Üst rütbelilerin birer birer yargı önüne çıkmaları karargâh nezdinde kaygı uyandırmışa benziyor. Tam 49 general ve amiral ‘Balyoz’, ‘İnternet Andıcı’ veya‘Amirallere Suikast’ davalarından tutuklu; albay ve daha alt düzey muvazzaf subay sayısı herhalde bundan az değildir.
Böyle bir durumda Genelkurmay karargâhının kaygılanmaması düşünülemez. Nitekim, Taraf, Kara Kuvvetleri’nin yeni komutanı Org. Hayri Kıvrıkoğlu’nun, komutanları bir değerlendirme toplantısında buluşturduğunu haber verdi. Bir farkla doğrulandı haber: Genelkurmay Başkanı Org. Necdet Özel’in bilgisi ve onayıyla yapılmış toplantı...

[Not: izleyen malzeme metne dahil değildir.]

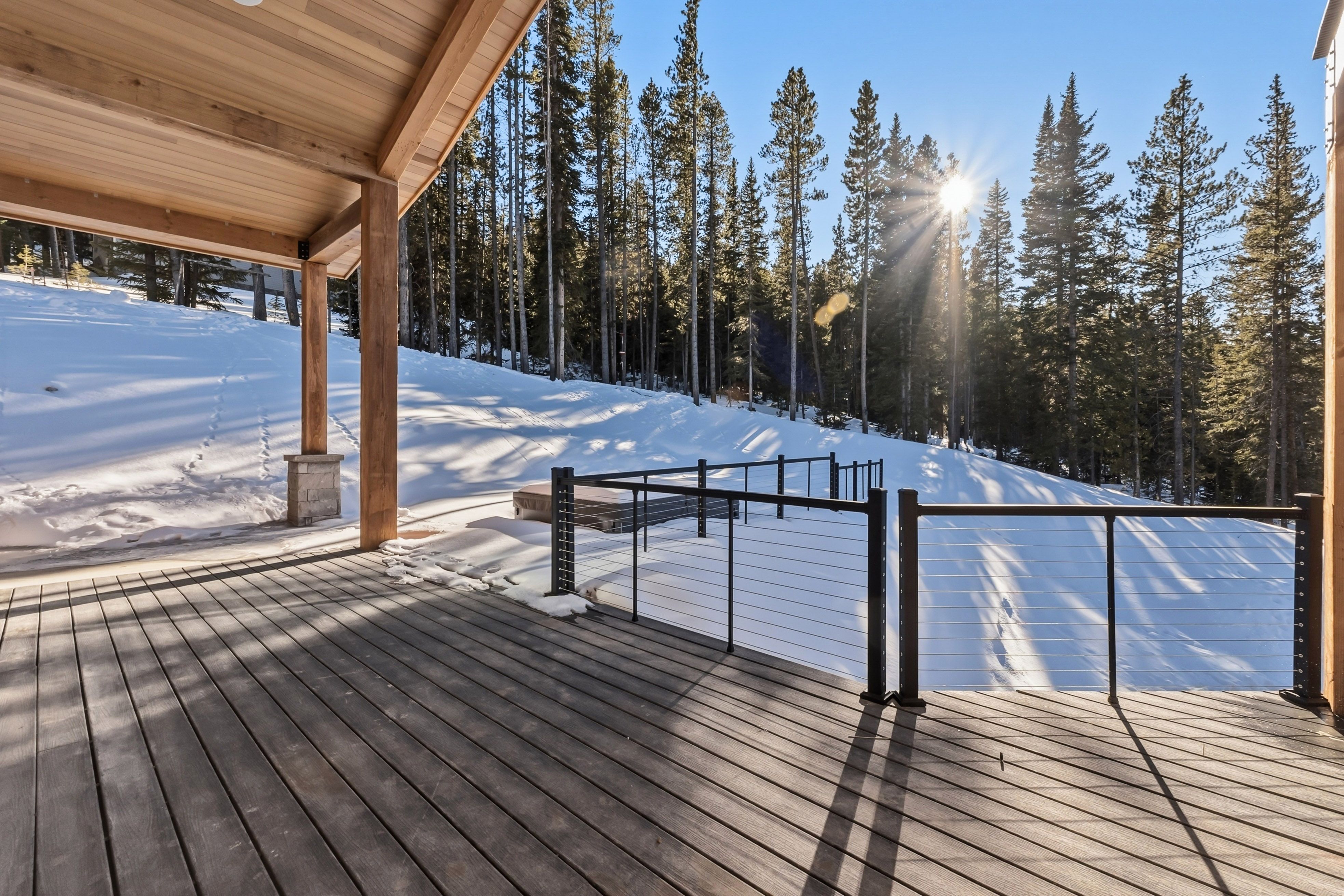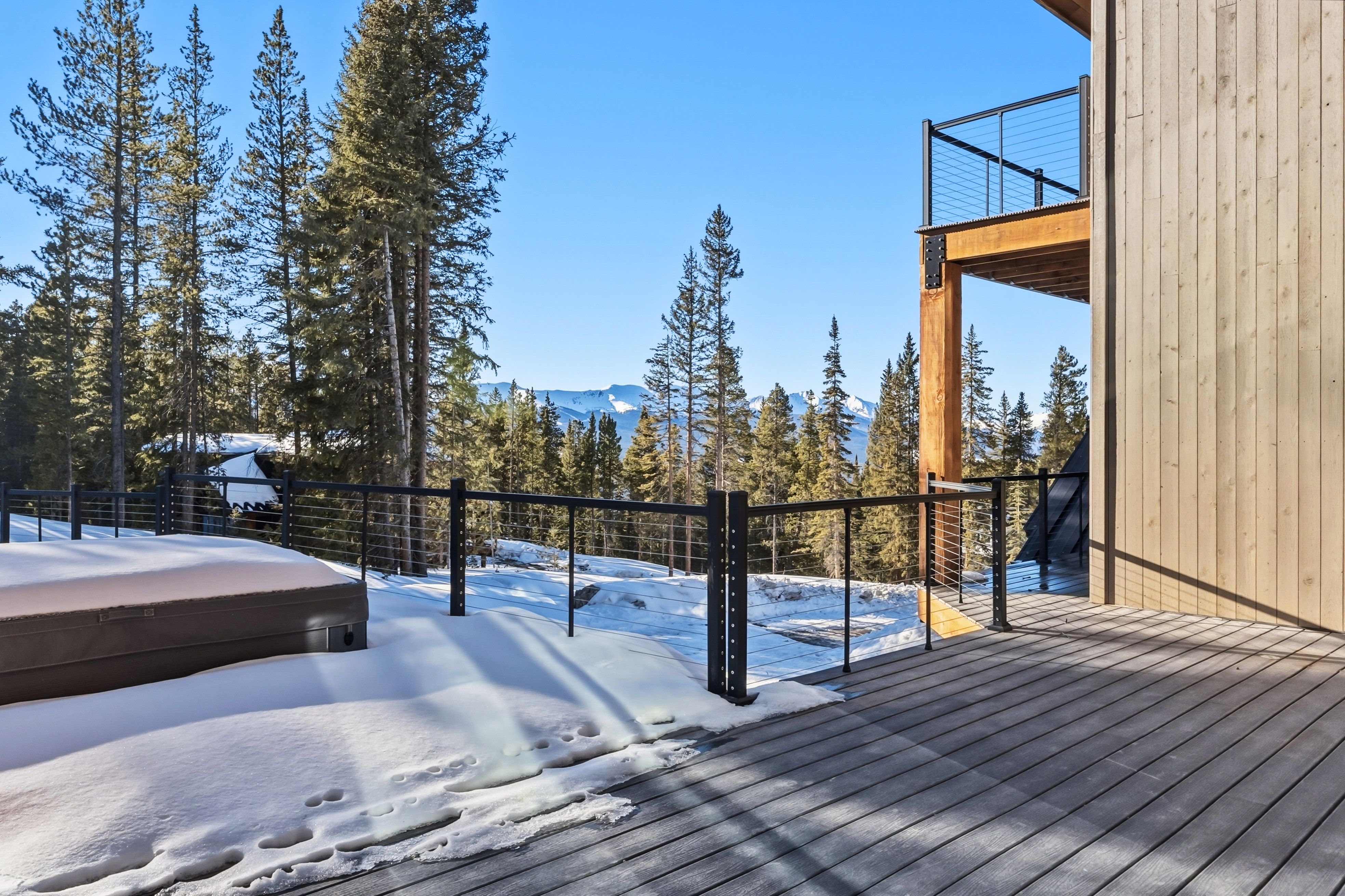 Outdoor living includes more than 2,300 square feet of decks, balconies, and patio space positioned to take in the surrounding mountains, plus a hot tub terrace ideal for relaxing after skiing or hiking. A 4-car garage provides ample storage for vehicles and mountain gear.

Yargıçların iddiaları ciddiye alıp rütbelerine aldırmadan şüphelileri tutuklamasını toplantıya katılanlar nasıl değerlendirdiler acaba?
Hiç kuşkusuz önemli bir soru bu. Sonuçta yan yana, dirsek dirseğe görev yapılan bir kurum ordu; hiyerarşide tepelere yaklaşıldıkça birbirini tanıma ihtimali ve yoğunluğu artıyor. Yargıçların ‘yasa-dışı işlere’ bulaşmış olma ihtimalini güçlü bulduğu silâh arkadaşlarını en iyi değerlendirebilecek kişiler karargâhta görevli olanlar...
Umarım, toplantıya katılanlar, “Canım ne olacak, onların yaptıkları geçmişte yapılanların tekrarından ibaret”, ya da “Verilen görevi yerine getirmek ne zaman suç oldu?” gibi yanlış tespit ve yanlış sorularla saatlerini heba etmemişlerdir.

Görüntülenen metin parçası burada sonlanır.